From here it's easy to run this in the place of the original paeth filter. We copy the assembler output into executable memory region and W^X it. I already have an utility for that:
buf = mman.Asmbuf(4096)
buf.memcpy(Uint8Array(output))
buf.finalize()
Next we need a function handle that we can call. We get one from the FFI:
c_type = ffi.cfunc(ffi.int, [
ffi.voidp, ffi.voidp, ffi.voidp, # prior, scanline, data
ffi.size_t,ffi.size_t,ffi.size_t]) # stride, offset, length
c_func = ffi.cast(buf, c_type)
The filter array requires a little rewrite so that the length -field is exposed like above, but otherwise this already works and we can hot-patch the assembler program into the png module:
import png
png.decode_filters[4] = c_func
main_png()
Now we can run the original benchmark.
Assembler results
With the monkey-patched assembly module, our original benchmark now takes 0.6 seconds to run, and the vmprofile report is very closely resembling the removal of paeth decoder:
100.0% L5_200 100.0% fast_paeth.lc:5
100.0% .. L203_217 100.0% fast_paeth.lc:203
6.6% .... L230_241 6.6% fast_paeth.lc:230
92.3% .... L5_39 92.3% png.lc:5
11.0% ...... L149_166 11.9% png.lc:149
3.3% ........ L166_168 30.0% png.lc:166
79.1% ...... L53_78 85.7% png.lc:53 (line 231, with 289)
1.1% ........ L93_96 1.4% png.lc:93
24.2% ........ L98_104 30.6% png.lc:98
4.4% ........ L85_91 5.6% png.lc:85
I did double check that the paeth decoder keeps working. I made a hexadecimal dump from the image and compared the data with the optimized version. Both of them look like this:
35 51 45 ff 36 46 3b ff 1b 1e 19 ff 18 1b 16 ff
33 4f 43 ff 27 3a 2f ff 1b 1e 19 ff 18 1b 16 ff
2c 4a 40 ff 2e 4c 42 ff 2f 4d 43 ff 34 4f 46 ff
27 45 3b ff 29 47 3d ff 2a 48 3e ff 28 48 3a ff
27 47 3c ff 26 44 3a ff 25 43 39 ff 23 43 39 ff
You can tell that this data is at least plausibly correct,
because of the full alpha channels separating the scanlines
into columns of ff
-symbols.
The closer inspection shows that the assembled version has some errors. It still runs through all the pixels so I'd believe the problem could be something subtle:
I won't use the assembled version right yet, so I leave the fix for later iterations.

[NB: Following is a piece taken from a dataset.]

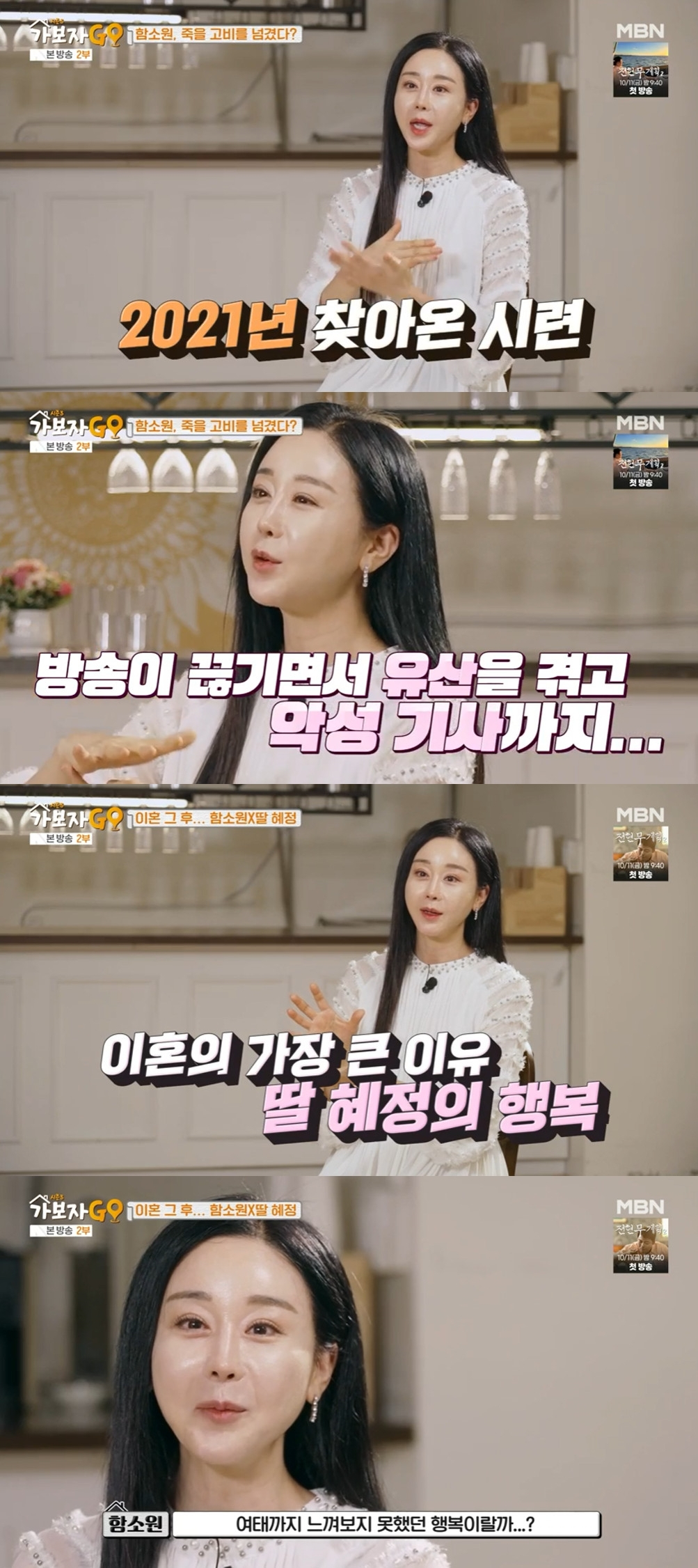 방송인 함소원이 진화와 이혼 후 일상을 공개하며 "딸의 행복 때문에 이혼했다"고 밝혔다.

Finally I also made a Vulkan demo that uses the JIT-optimized png module. Here's the screenshot:
Hand-written assembly is not practical
The assembler optimization is very successful considering that we don't even have to store any compiled executables here and we are still 4 times faster than within the JIT.
The problem is that the assembly module here cannot adjust for different calling conventions. It only works on Linux and on x86_64. There are other problems:
- We have two versions to maintain. And if we discard the old version then we cannot return to JIT-evaluating the code in the case it is more practical for some possible usecase.
- We had to rewrite the assembler version from the scratch when trying to optimize the program that way.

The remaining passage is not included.